This workflow must only use actions that are produced by the language or ecosystem that the workflow supports.

I think that's a good step for security. For instance only myself, @ioquatix and ruby org owners have write access to the ruby/setup-ruby repository.

Also, ruby/setup-ruby doesn't require any secret and so AFAIK there is no secret data leak possible, isn't it? Can you elaborate on your security concerns for this action?

I think almost any action maintainer you will ask will say it's unreasonable to pin to a sha like this.
In other words, using a sha is unsupported for ruby/setup-ruby and I would think as well for most actions out there.
Using a specific release is only supported for a short while if there is an issue with v1.
So ruby/setup-ruby@v1 is the only supported form, because it's the only one that can provide bug fixes and adapt to changes in GitHub Actions (e.g., when GitHub Actions adds a MSYS2 installation on Windows).
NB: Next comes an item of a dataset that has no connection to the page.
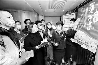 近日,在温州南开往阜阳西的G7796次列车上,杭州客运段高铁四车队驿家亲乘务组向旅客普及宪法知识,让依宪治国和依法治国的理念更加深入人心,受到旅客们的关注和欢迎。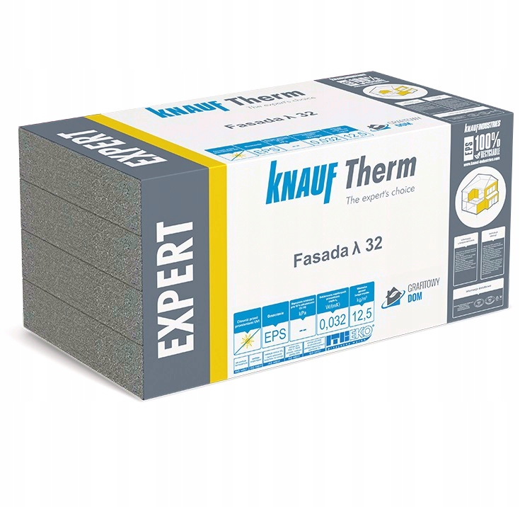 Styropian Knauf Therm Expert Fasada EPS λ 32 to grafitowe płyty termoizolacyjne o obniżonym współczynniku przewodzenia ciepła, przeznaczone do ocieplania elewacji metodą lekką mokrą (ETICS).

If you absolutely want a sha here, then I see only 2 ways forward:

  • I make a PR on every release of ruby/setup-ruby to update the sha here. There are currently 40 releases, so it's very frequent, about once a week. I think this will be very annoying for both me and the maintainers of this repository.
  • Add a comment on top of that sha saying:
# this is unsupported, use ruby/setup-ruby@v1 instead

which of course feels silly.

Another problem, the rendered documentation would be often out of sync, which is bad for user experience.

I can tell you from experience Ruby users want updates, and want access to new Ruby versions, and that requires updating the action, and make new builds for those new versions. Also sometimes the build flags changed, so that uses a new release of the action (and so older versions still use the older builds which is good if there is a problem).

In fact, pinning to a sha would prevent something like ruby-version: 2.6 to get the new security release like Ruby 2.6.6. So now we have conflicting security concerns.


To summarize, I think GitHub needs to rethink this full sha requirement for 3rd party actions, because it simply cannot work for any maintained action. I think the existing requirements (repository inside the organization of the language, disclaimer on top of the workflow) are enough.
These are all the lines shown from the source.